Ратников и Ольга Дмитриевна, опережая медленную пару, направились по улице, вдоль косых домов и утлых заборов, за которыми иногда слышался крик петуха или блеяние козы. Ольга Дмитриевна озирала эту сохраненную, не затопленную кромку райской страны Молоды, над которой не сомкнулись воды. Видно рай погрузился в пучину, там каждое дерево, каждый храм, каждый предмет были окружены прозрачным сиянием, каждый житель носил вокруг головы нимб. Здесь же святость земли улетучилась, мир поблек и погас, и нигде, ни на лицах, ни на кровлях не виделось светящихся озарений.

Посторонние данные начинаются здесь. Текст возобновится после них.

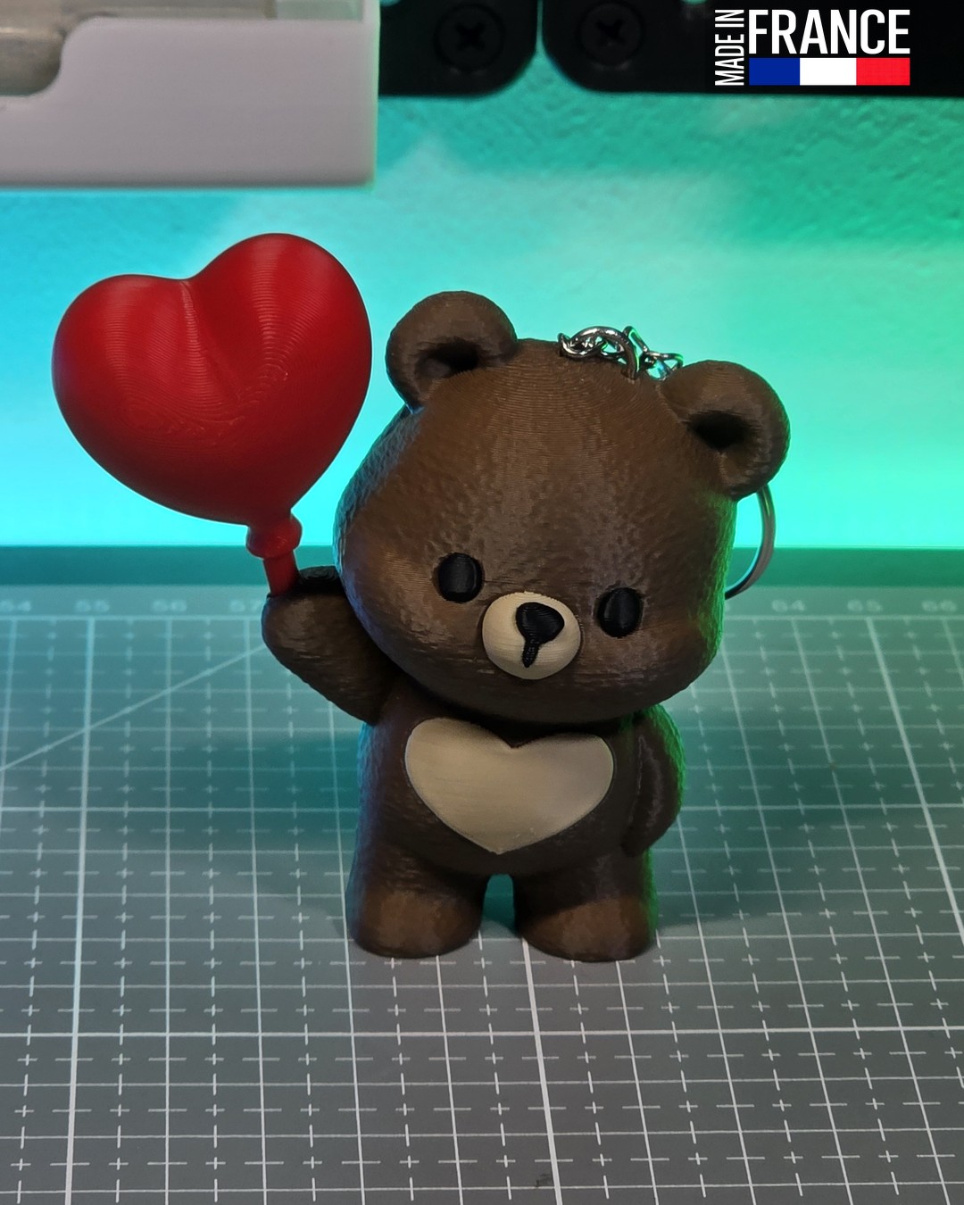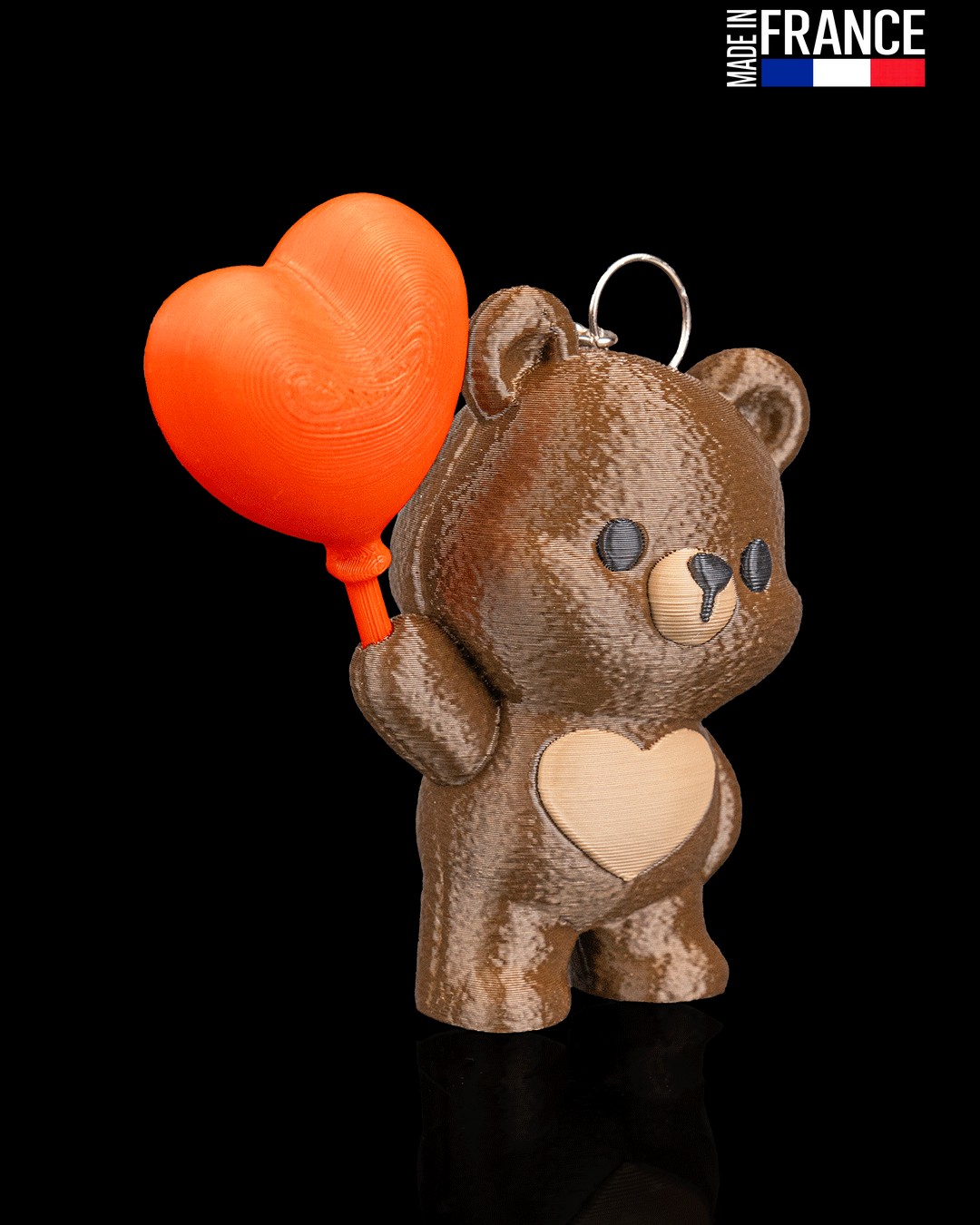 Ce modèle profite d’une conception multi-couleurs précise, mettant en relief chaque détail sans aucun recours à la peinture. La technique d’impression 3D permet de superposer les teintes pour créer un contraste saisissant entre le brun chaleureux de l’ours et l’éclat orangé de son ballon, offrant un rendu visuel unique et texturé.
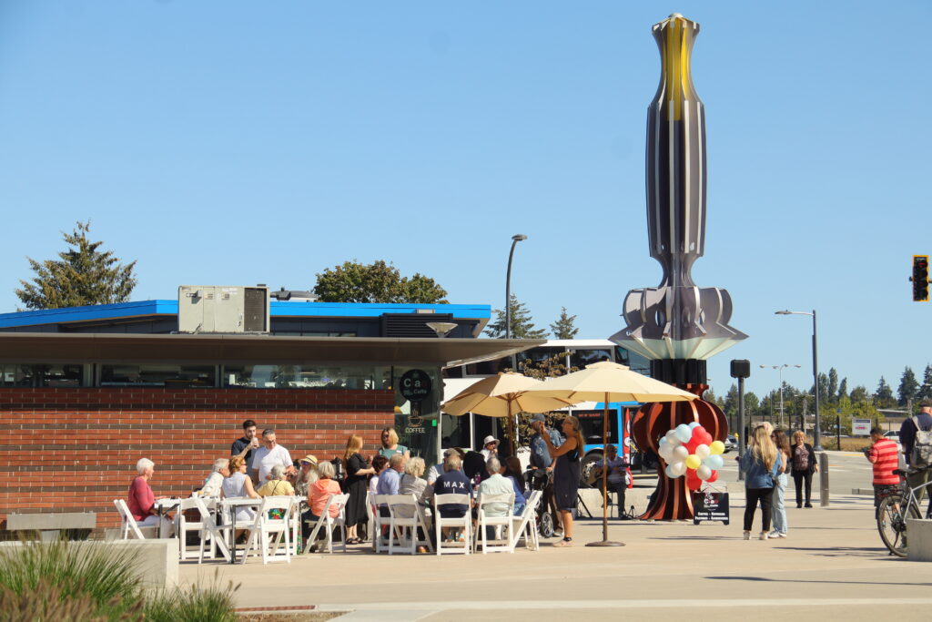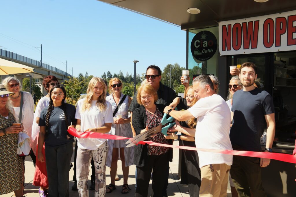 Ciao Caffé owners Nabil and Haifa Alhussieni joined Lynnwood Mayor Christine Frizzell and members of the Lynnwood Chamber of Commerce and the public at the ribbon-cutting ceremony Friday at the Lynnwood Transit Center.

Они приблизились к маленькой темной избушке, притулившейся на круче, над самым морем. Она напоминала скорее деревенскую баню, чем жилье. Крыша желтела от лишайников, венцы почернели, словно их прокоптили. Забор, седой от старости, покосился, и за ним, налегая на тес, сочно зеленели деревья, цвела яблоня, осыпая на улицу белый пепел лепестков. Вдоль забора стояли две длинных скамьи. На них поместились странники, явившиеся к старцу за духовной помощью. Все усталые и печальные, изведенные дальней дорогой, хворостями, неурядицами и огорчениями, с робкой надеждой на облегчение, с выражением бесконечного терпения и покорности. Все были усыпаны лепестками опавших цветов. Ратников и Ольга Дмитриевна присели на свободное место, среди кульков и дорожных кошелок.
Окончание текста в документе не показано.